When I take stock of my life, day by day, I realize how limited I am and how even those requirements Hashem has placed upon the people of the nations sometimes seem far beyond my abilitites. Why do I think I’d do any better in davening three times a day with a minyan, donning tzitzit, laying tefillin, observing Shabbos, keeping glatt kosher, and many of the other mitzvot of Torah?

He explains that both Shabbos and Mikdash (the Sanctuary) represent a dimension of love between Hashem and His nation, the former in time and the latter in space. On Shabbos, Hashem, as it were, invites every Jew to spend the day in His House, to live in the holiness of Hashem’s embrace and bask in his radiance.
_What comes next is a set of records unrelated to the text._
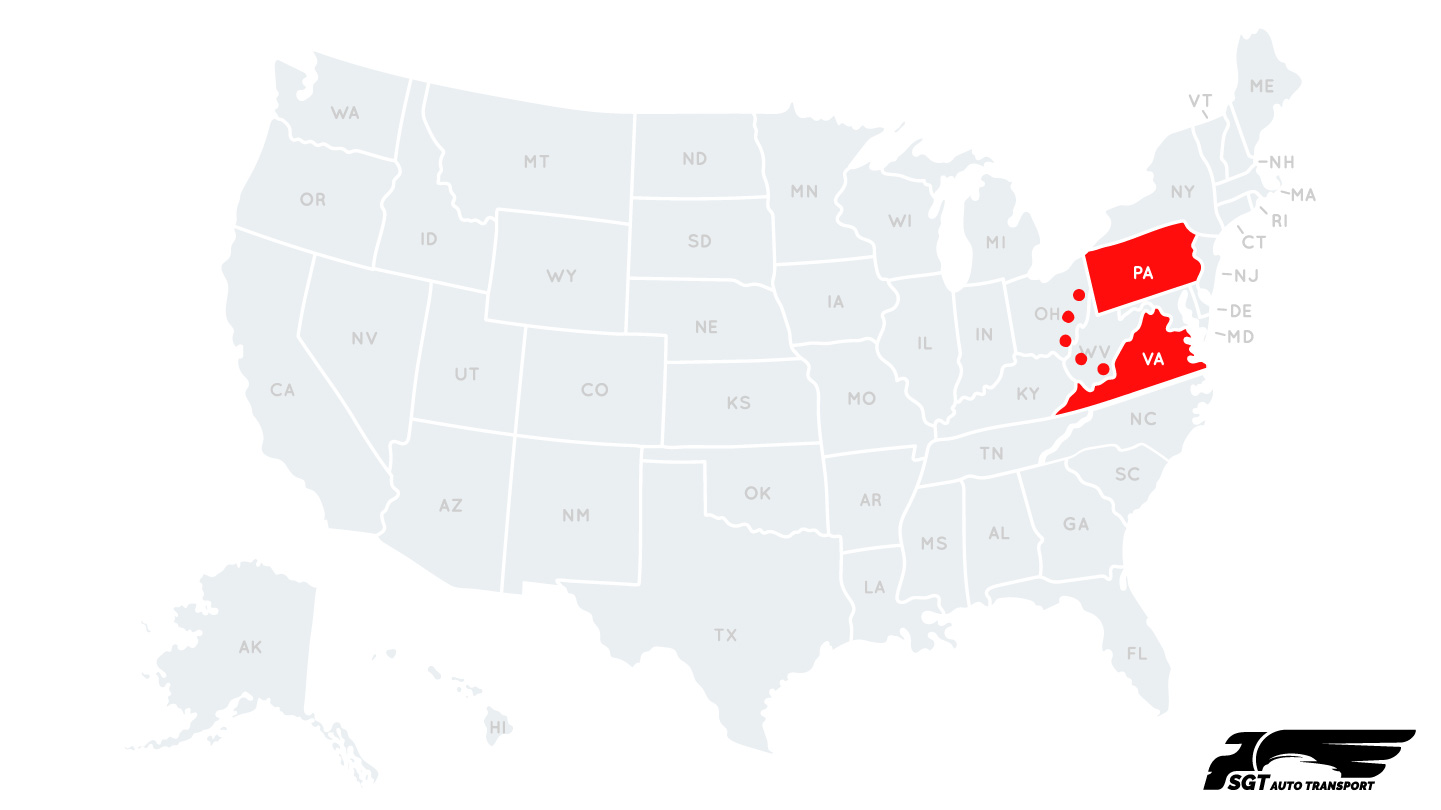 Get an Instant Quote - Calculate your transportation cost and Ship your vehicle from Virginia to Pennsylvania with SGT Auto Transport!
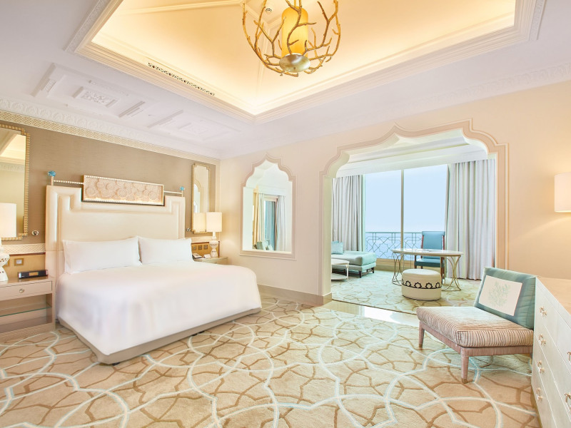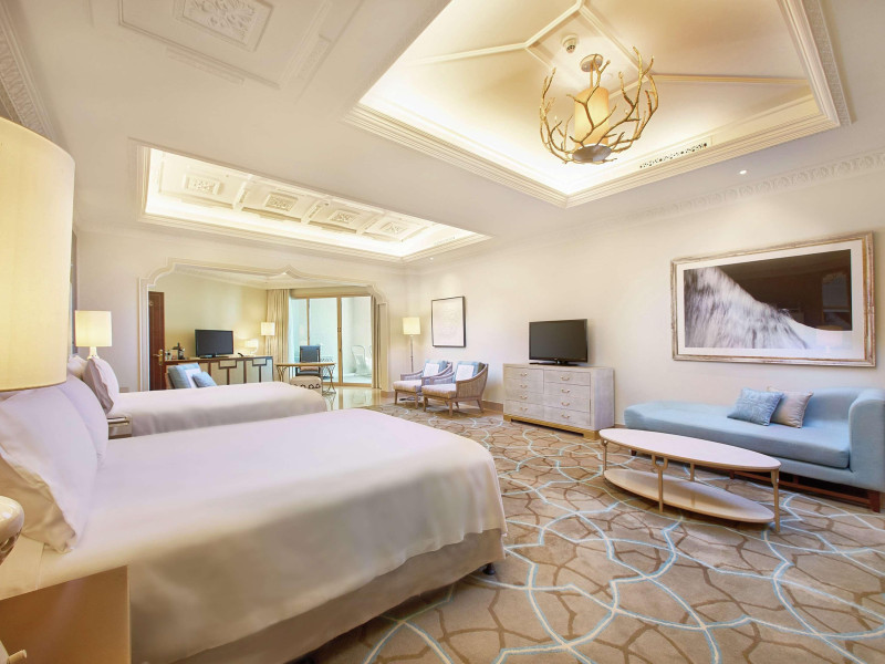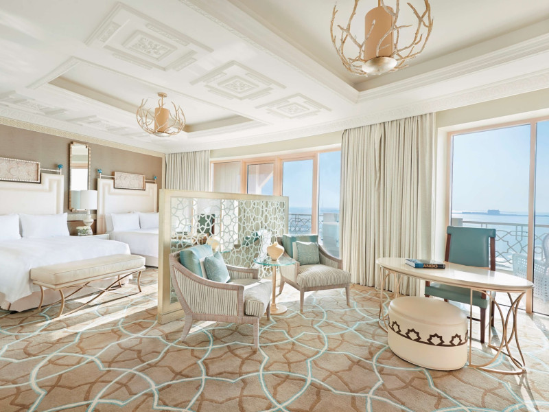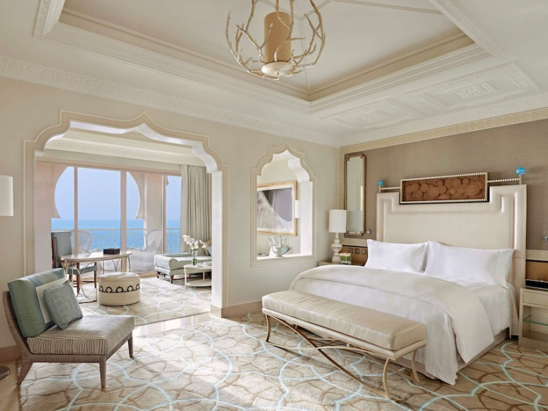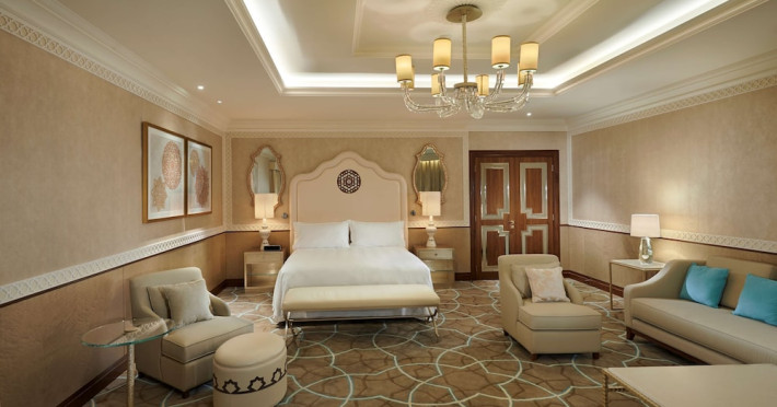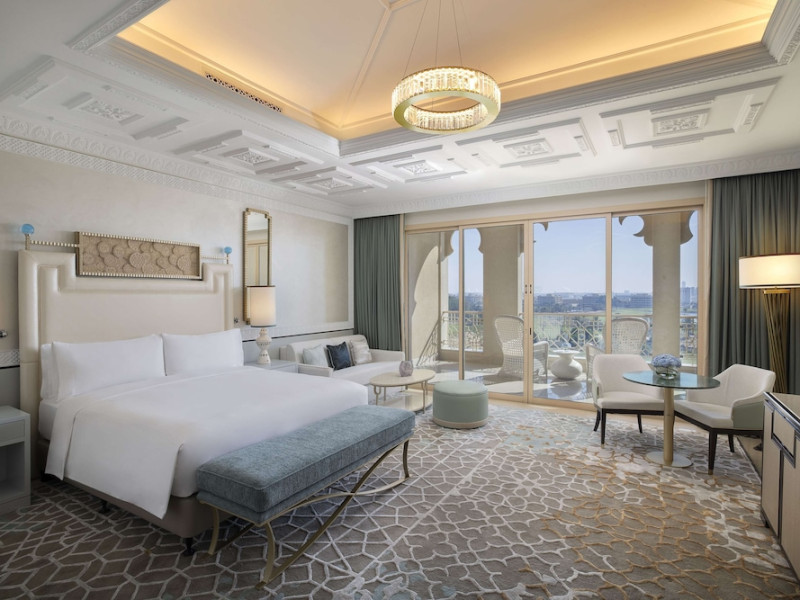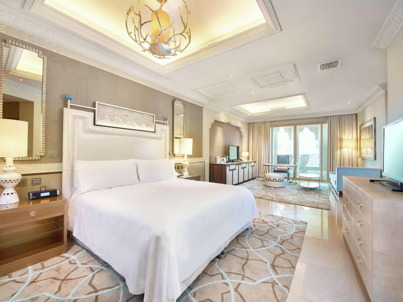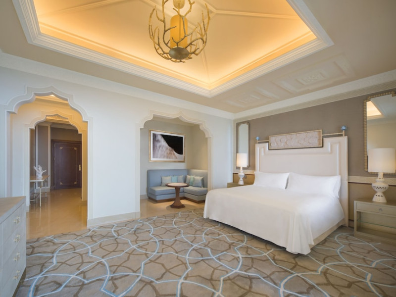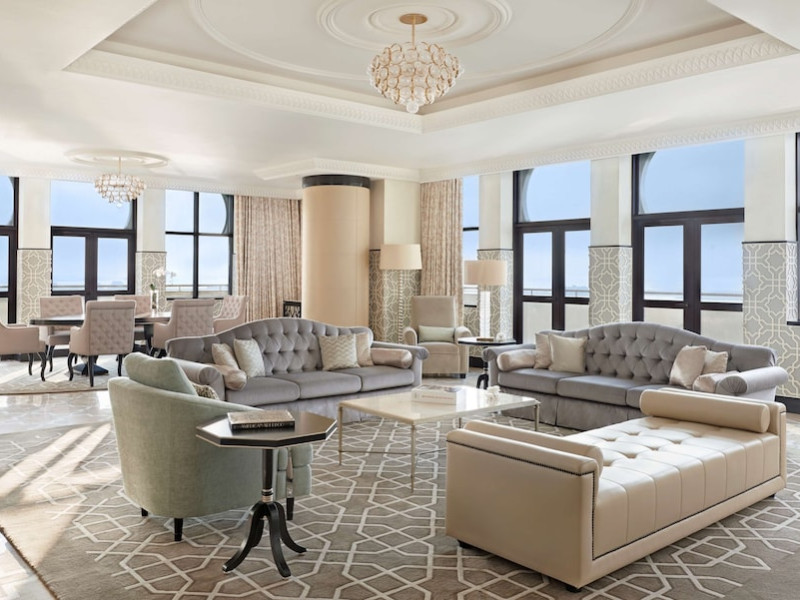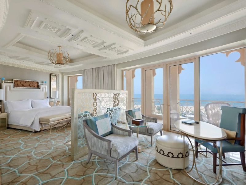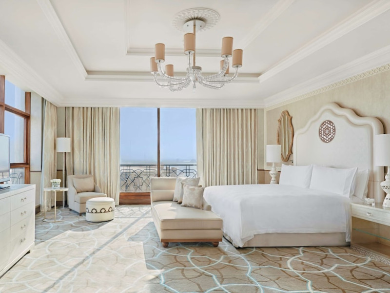 Nestled between the Arabian Gulf, a golf course, and the Hajar mountains, Waldorf Astoria Ras Al Khaimah offers luxurious accommodations. The resort features a full-service spa with massages, body treatments, and facials; three outdoor swimming pools; a private beach; and complimentary Wi-Fi. Nine restaurants, including Sunset Beach Lounge, offer international cuisine, complemented by a coffee shop/cafe and 24-hour room service. Guests can choose from seven bars/lounges, two beach bars, and two poolside bars. Buffet breakfast is available daily (fee applies). Amenities include a 24-hour business center, limo/town car service, dry cleaning/laundry services, a conference center, five meeting rooms, free valet parking, and a 24-hour airport shuttle (surcharge). Guestrooms include minibars and espresso makers. Bathrooms feature separate bathtubs and showers with rainfall showerheads and designer toiletries. Nearby attractions include Al Hamra Golf Club, Al Hamra Mall, and Al Hamra Marina and Yacht Club. The nearest airport is Ras al Khaimah (RKT), with Dubai International Airport (DXB) being the preferred airport. Babysitting services are available (surcharge).
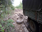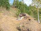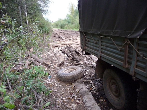 | Der Fahrer heißt Alexander und fährt nun so dicht wie möglich an den geschossenen Braunbären heran, um ihn aufzuladen. Aber wie bringt man ein so schweres Tier auf die Ladefläche? Ich schlage mit einer Axt drei gleich große etwa vier Meter lange Birken um, nehme zwei der Stämme und baue eine Rampe zur Ladefläche. Mit dem dritten versuche ich den Bär hinauf zu hebeln, es gelingt erst, als Alexander mit einer Kette die Vorder- und Hinterläufe festgemacht hat und von oben - über einen Haken am Führerhaus – das Tier gegen das Zurückrutschen absichert hat. |

The Mikdash, too, represents this loving relationship, as symbolized by the two Cherubim that faced each other in the Sanctuary’s innermost chamber, the kodesh hakodashim.

-from “A Mussar Thought for the Day,” p.99
Thursday’s Commentary on Parashas Kedoshim
A Daily Dose of Torah

I have to recognize that, while God loves the whole world and while the Gentile disciples of Messiah are also loved and cherished by Hashem, it is Israel who receives a special love and relationship with the Almighty, and without Israel’s “chosenness,” we Gentiles would have no hope at all. Thus, God has given His people Israel, the Jewish people, special gifts as well as special obligations, in this case, Shabbat and the Holy Temple.

It’s not that we Gentile believers won’t have a role or a place in either in future Messianic Days, it’s just that we shouldn’t forget where they came from or to whom they were given.

This date marks the death of Judah P. Benjamin (1811-1884), an American-Jewish statesman. Benjamin was the second Jew to serve in the U.S. Senate, representing Louisiana. When another senator accused him of being an “Israelite in Egyptian clothing,” Benjamin, who had married into a prominent Roman Catholic family, replied: “It is true that I am a Jew, and when my ancestors were receiving their Ten Commandments from the immediate Deity, amidst the thundering and lightnings of Mount Sinai, the ancestors of my opponent were herding swine in the forests of Great Britain.”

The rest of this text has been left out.